## Directions
Please print the line that holds "- The innovative" and each line after it to the end of the data, word for word, without any pictures.

## Information
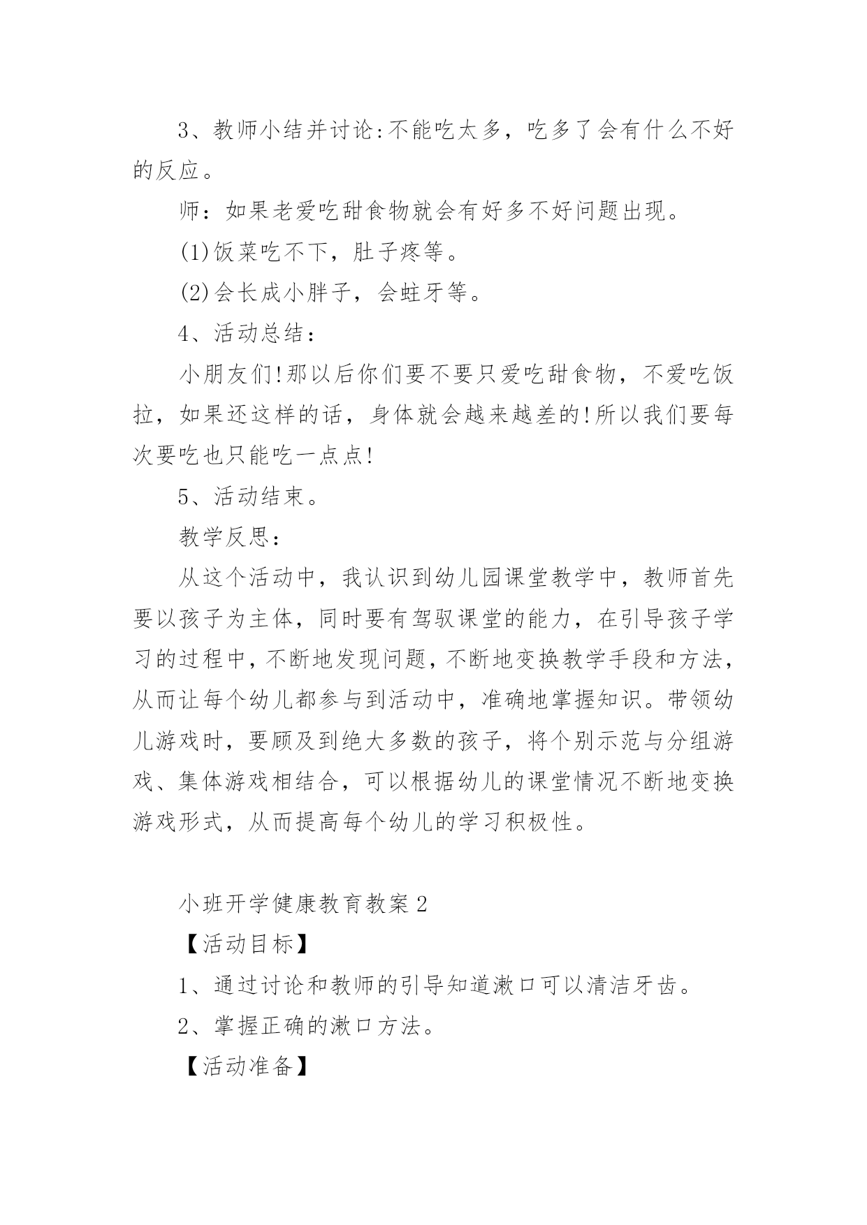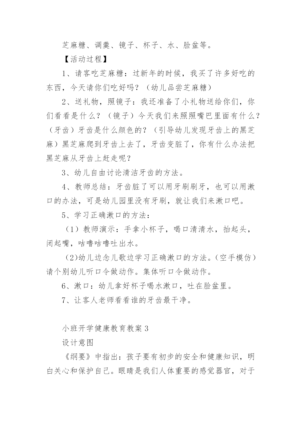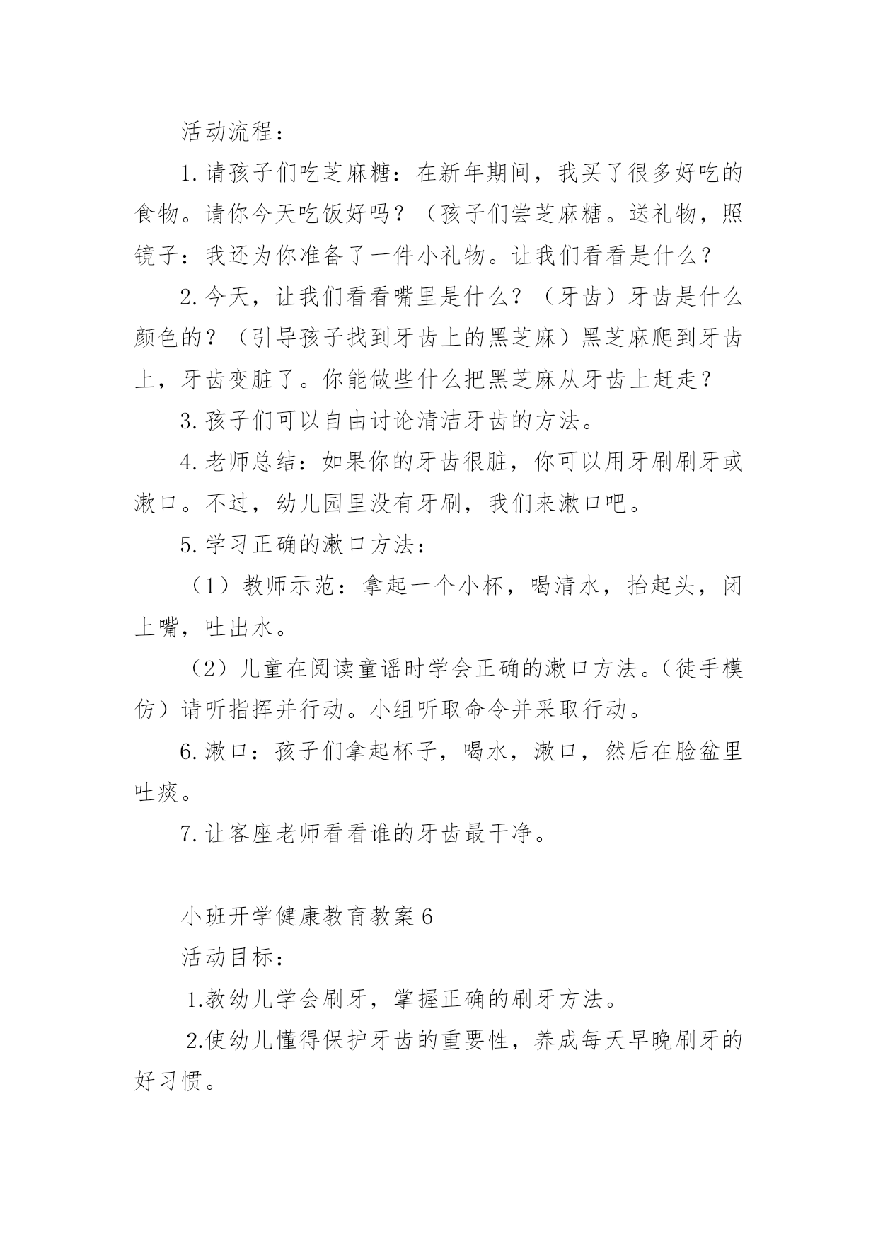 小班开学健康教育教案小班开学健康教育教案模板(精选8篇)作为一名专为他人授业解惑的人民教师,很有必要精心设计一份教案,教案是教学活动的依据,有着重要的地位。如何把教案做到重点突出呢?以下是小编为大家收集的小班开学健康教育教案模板(精选8篇),欢迎阅读与收藏。小班开学健康教育教案1活动目标:1、知道吃了太多甜食物会影响身体健康。2、知道爱吃什么有助于健康。3、初步了解健康的小常识。4、培养良好的饮食习惯。活动准备:PPT课件、糖果实物活动过程:1、教师出示糖果或甜食品后讲述故事导入课题。师:小朋友!老师手里拿了一些什么啊?(糖果、饼干等)那小朋友们爱吃吗?(爱)。2、教师讲述故事《不吃太多甜食》,幼儿倾听。师:小朋友们一起来听一听这个故事。听一听到听到了什么?3、教师小结并讨论:不能吃太多,吃多了会有什么不好的反应。师:如果老爱吃甜食物就会有好多不好问题出现。(1)饭菜吃不下,肚子疼等。(2)会长成小胖子,会蛀牙等。4、活动总结:小朋友们!那以后你们要不要只爱吃甜食物,不爱吃饭拉,如果还这样的话,身体就会越来越差的!所以我们要每次要吃也只能吃一点点!5、活动结束。教学反思:从这个活动中,我认识到幼儿园课堂教学中,教师首先要以孩子为主体,同时要有驾驭课堂的能力,在引导孩子学习的过程中,不断地发现问题,不断地变换教学手段和方法,从而让每个幼儿都参与到活动中,准确地掌握知识。带领幼儿游戏时,要顾及到绝大多数的孩子,将个别示范与分组游戏、集体游戏相结合,可以根据幼儿的课堂情况不断地变换游戏形式,从而提高每个幼儿的学习积极性。小班开学健康教育教案2【活动目标】1、通过讨论和教师的引导知道漱口可以清洁牙齿。2、掌握正确的漱口方法。【活动准备】芝麻糖、调羹、镜子、杯子、水、脸盆等。【活动过程】1、请客吃芝麻糖:过新年的时候,我买了许多好吃的东西,今天请你们吃好吗?(幼儿品尝芝麻糖)2、送礼物,照镜子:我还准备了小礼物送给你们,你们看看是什么?(镜子)今天我们来照照嘴巴里面有什么?(牙齿)牙齿是什么颜色的?(引导幼儿发现牙齿上的黑芝麻)黑芝麻爬到牙齿上去了,牙齿变脏了,你有什么办法把黑芝麻从牙齿上赶走呢?3、幼儿自由讨论清洁牙齿的方法。4、教师总结:牙齿脏了可以用牙刷刷牙,也可以用漱口的办法,可是幼儿园里没有牙刷,就让我们来漱口吧。5、学习正确漱口的方法:(1)教师演示:手拿小杯子,喝口清清水,抬起头,闭起嘴,咕噜咕噜吐出水。(2)幼儿边念儿歌边学习正确漱口的方法。(空手模仿)请个别幼儿听口令做动作。集体听口令做动作。6、漱口:幼儿拿好杯子喝水漱口,吐在脸盆里。7、让客人老师看看谁的牙齿最干净。小班开学健康教育教案3设计意图《纲要》中指出:孩子要有初步的安全和健康知识,明白关心和保护自己。眼睛是我们人体重要的感觉器官,对于我们的生活、工作、学习都十分重要。由于幼儿在日常生活中看书、画画、看电视等一些姿势的不正确,严重影响了眼睛的健康。为了让幼儿能了解眼睛,并在此基础上树立正确保护眼睛的意识和方法,我设计了“眼睛的秘密”教学活动。活动目标1、了解眼睛的作用以及眼睛各部分的名称。2、创编“眼保健操”,体验大胆表达的成功感。3、懂得保护眼睛的重要性,掌握更多保护眼睛(视力)的知识。活动准备1、每人一面小镜子。2、眼睛的结构图,对视力有益的食物图片,挂图《眼睛生病了》。3、每人一副自制的太阳镜。上面贴满胶带:幼儿自制的小老鼠指偶人手一个。4、经验准备:活动前带幼儿玩《捉迷藏》的游戏。活动过程一、黑暗体验,感受眼睛的重要性幼儿戴上自制的眼镜,体验看不见东西时的感受。认识眼睛在生活中的重要性。二、初步了解眼睛的功能1、谈谈眼睛被蒙住的感受。师:在捉迷藏的.时候,眼睛被蒙住你有什么感受2、师:我们的眼睛能够看到哪些东西(拓展幼儿的思维空间)教师小结:我们的眼睛真了不起,能让我们看到很多很多的东西。但是你们了解自己的眼睛吗三、了解眼睛各部分的名称1、先让幼儿用镜子观察自己的眼睛:眼睛的上面有什么眼睫毛有什么用处眼睛里面像黑葡萄的是什么眼睛最中间的小黑点是什么2、出示眼睛结构图,引导幼儿观察。教师小结:眼睫毛对眼睛有保护作用,能遮住眼睛不被强光照射,也可防止尘土落入眼内。眼睛里面像黑葡萄的是眼珠,眼珠最中间的小黑点叫瞳孔。四、讨论学习保护眼睛的方法1、师:认识了眼睛,明白了眼睛的用处,我们就就应好好地来保护眼睛,就应怎样保护呢2、出示挂图《眼睛生病了》,提问:这个小朋友为什么要揉眼睛他的眼睛怎样了眼睛会生什么病呢(近视眼、红眼病、沙眼、结膜炎、麦粒肿等。)3、讨论:眼睛为什么会生病(如用脏手帕擦眼睛,用脏手揉眼睛,看书或看电视时间太长、坐姿不端正等。)4、讨论:日常生活中X我们应怎样保护眼睛A看电视时,距离电视2米以上,看电视时间不能过长:看书时身体要坐正,
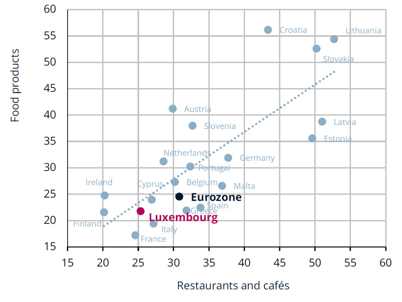 It is worth noting that in Luxembourg, it is the small caterers (+25% since Dec 2019) that have posted the highest increases in prices, followed by drinks in restaurants (+24%) and non-alcoholic drinks in cafés (+22%), with meals in restaurants (+21%) and, lastly, alcoholic drinks in cafés (+19%).
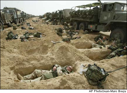 Soldiers from the 3rd Brigade of the U.S. 101st Airborne Division rest in fox holes by their convoy in a staging area in the Kuwaiti desert Friday, March 21, 2003. |
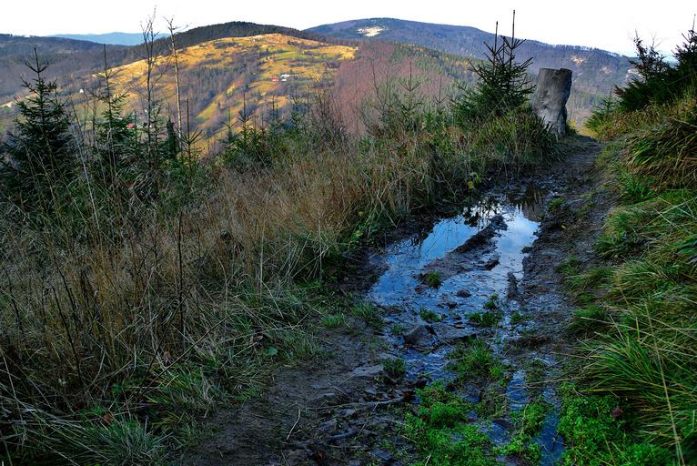 Keywords: pool mud mountains trail landscape hiking trail view beskids tourism rambles mountain
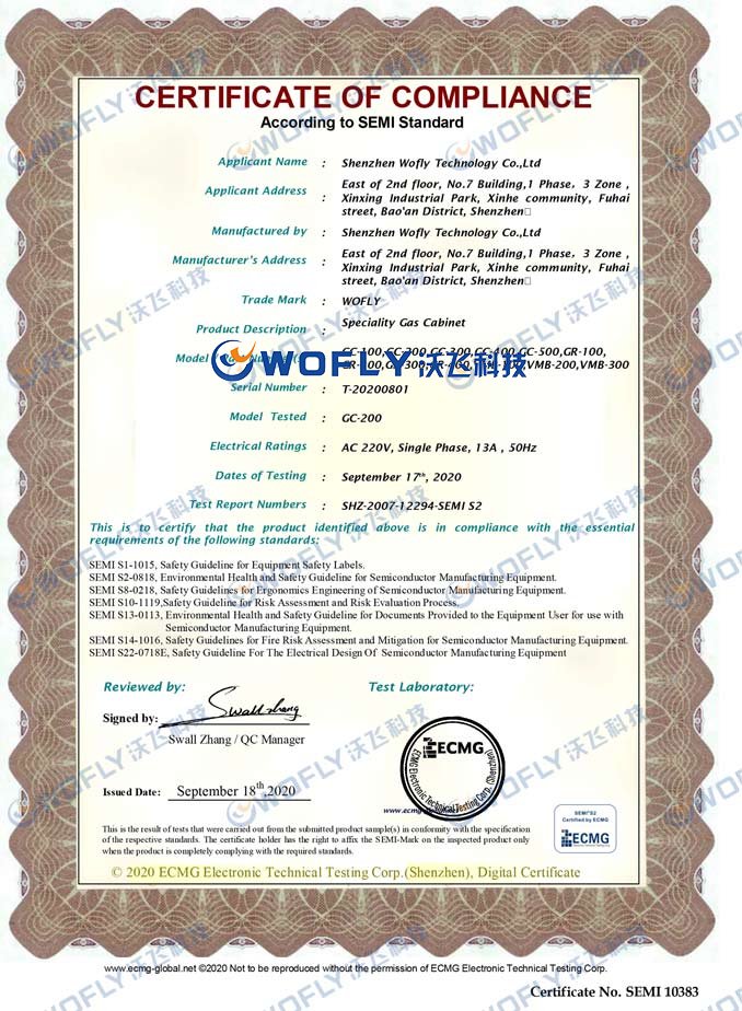 因特種氣體的特殊性,承載特種氣體的氣瓶柜體須為防爆柜體,同時(shí)為保證半導(dǎo)體制程工藝中特種氣體的穩(wěn)定供氣和安全,應(yīng)具備多種功能,如柜內(nèi)氣體泄漏偵測(cè)報(bào)警、PLC面板控制、全自動(dòng)吹掃等,提高使用安全系數(shù),有效的保護(hù)生產(chǎn)安全和人員的生命安全。其次,半導(dǎo)體行業(yè)配置電子特氣柜需要擁有SEMI S2認(rèn)證。
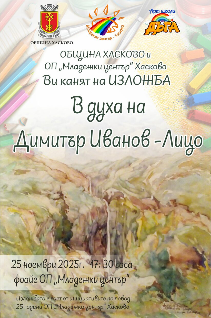 Тази година те са вдъхновени от творчеството на емблематичния хасковски художник Димитър Иванов – Лицо. Община Хасково и Младежки център Хасково канят всички ценители на изобразителното изкуство на откриването на уникалната изложба от детски творби, вдъхновени от Лицо, под надслов „В духа на Димитър Иванов – Лицо“ утре, 25 ноември 2025 г., от 17:30 часа във фоайето на Младежки център.
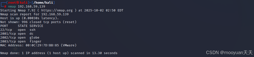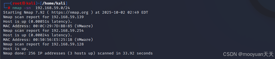 nmap 192.168.59.0/24 发现ip地址为192.168.111.139,如下所示。
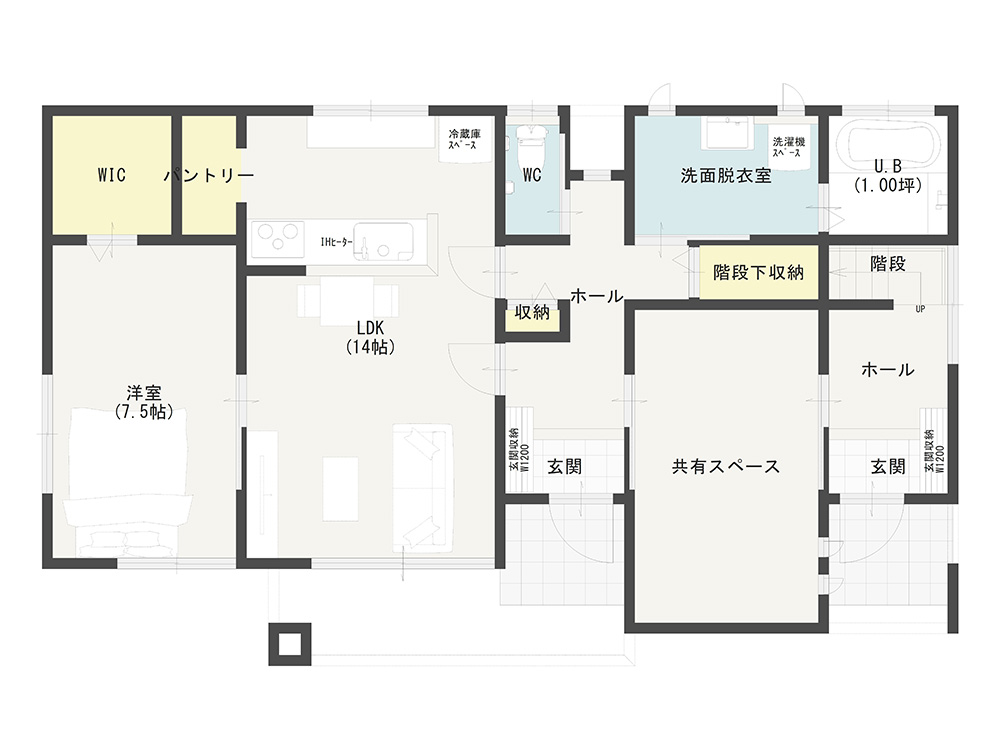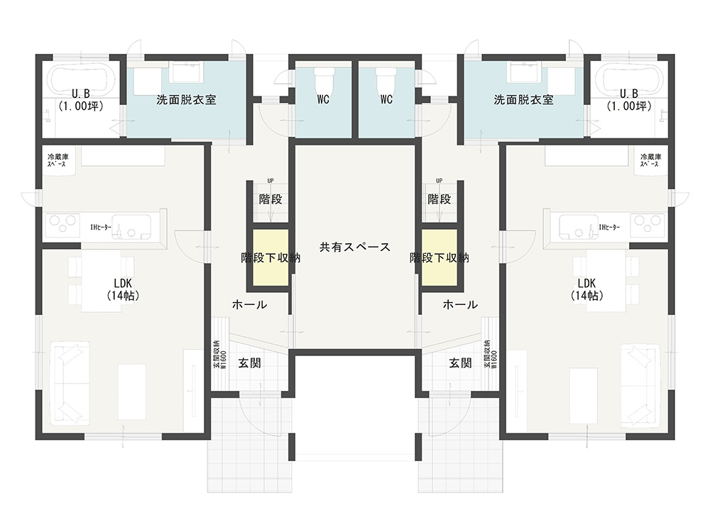 玄関やキッチン、お風呂など生活空間の全てが完全に独立したプランです。
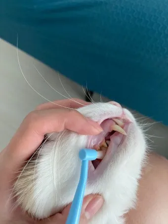 특히 아기 고양이 때는 무리하게 칫솔을 사용하지 말고 깨끗한 물을 묻힌 거즈로 잇몸을 살살 닦아주는 정도면 충분해요.
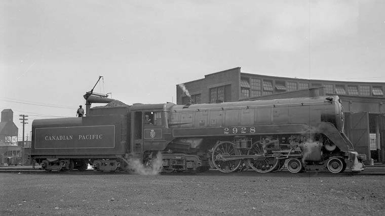 2928 CLC 1942 3/38 Second last F1 class. August 19, 1950 Harry Hart/Robin Hart Collection Note: Two of these very light engines were assigned to light trains to Havelock and Hamilton as well as Hamilton-Goderich. |
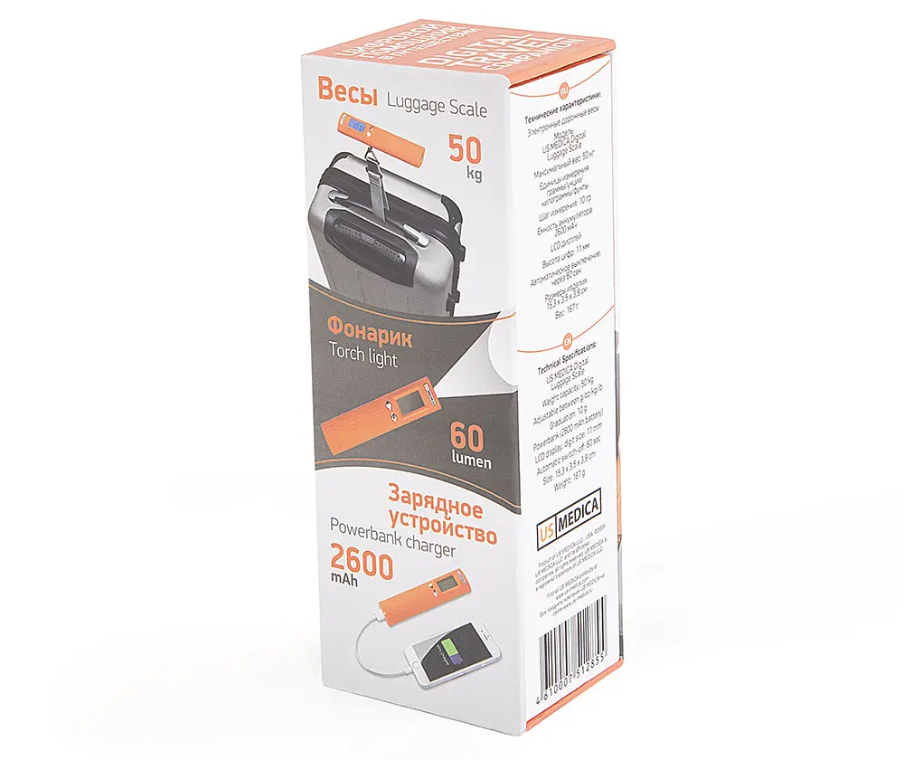 Электронные дорожные весы US MEDICA– практичное и современное цифровое устройство, которое станет незаменимым помощником во время отдыха или повседневной жизни. Компактный  размер и малый вес позволяют брать прибор куда угодно. Устройство совмещает в себе сразу 3 функции: весы для взвешивания багажа, портативный внешний аккумулятор (Power Bank) и фонарик.
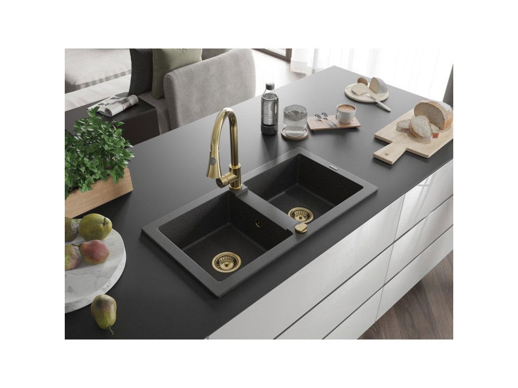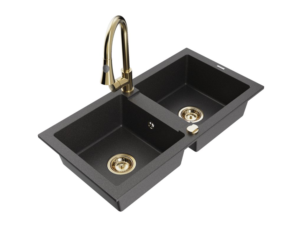 Granitový drez Mexen Mario s 2 misami a kuchynskou batériou Elia, čierna škvrnitá - 6504-76-670101-50
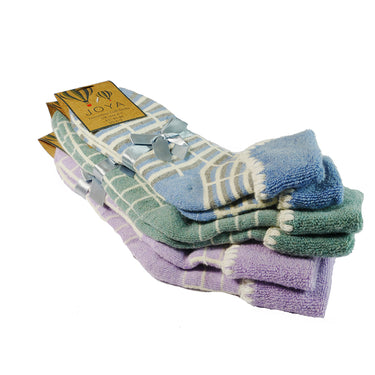 3 pairs of checked cuff socks in purple, teal green and duck egg blue
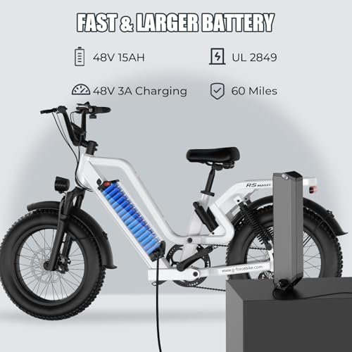 • 【FAST CHARGING & LARGE BATTERY】RS electric bike features a 48V 15/25AH large capacity battery & 3.0A fast charing, offering a maximum range of 60-100 miles. Additional anti-theft measures also enhance security like the battery key lock and independent battery switch. Moreover, the RS is UL 2849 certified for safety;
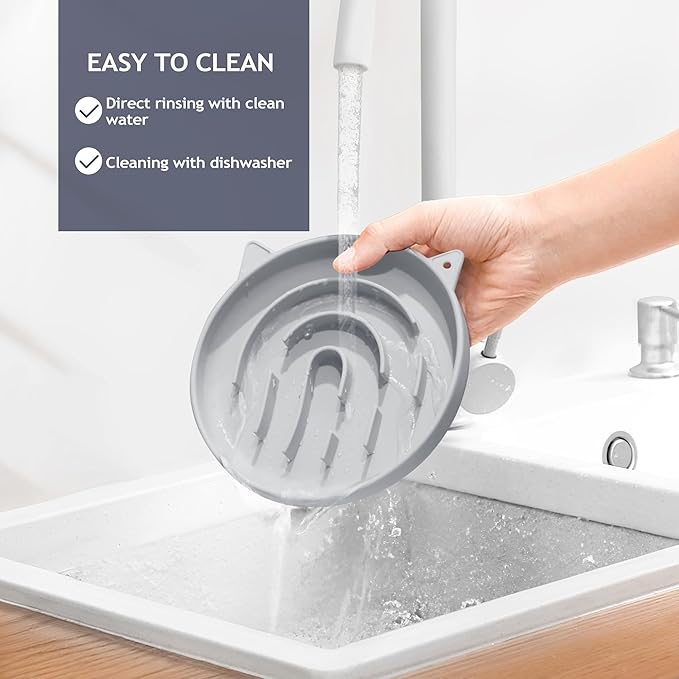 - The innovative fingerprint maze design at the bottom of our bowls effectively slows down your pet's eating speed, extending meal times and preventing choking. This cute, personalized, and unique maze design also helps distract and calm your puppy or kitty's anxiety.
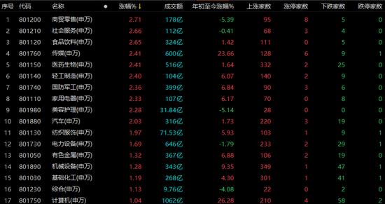 31个申万一级行业中共计25个飘红,大消费领涨,军工、汽车、电力设备也表现不错,商贸零售、社会服务、食品饮料、传媒、医药生物、轻工制造等板块涨逾2%。

## Answer section
 - The innovative fingerprint maze design at the bottom of our bowls effectively slows down your pet's eating speed, extending meal times and preventing choking. This cute, personalized, and unique maze design also helps distract and calm your puppy or kitty's anxiety.
 31个申万一级行业中共计25个飘红,大消费领涨,军工、汽车、电力设备也表现不错,商贸零售、社会服务、食品饮料、传媒、医药生物、轻工制造等板块涨逾2%。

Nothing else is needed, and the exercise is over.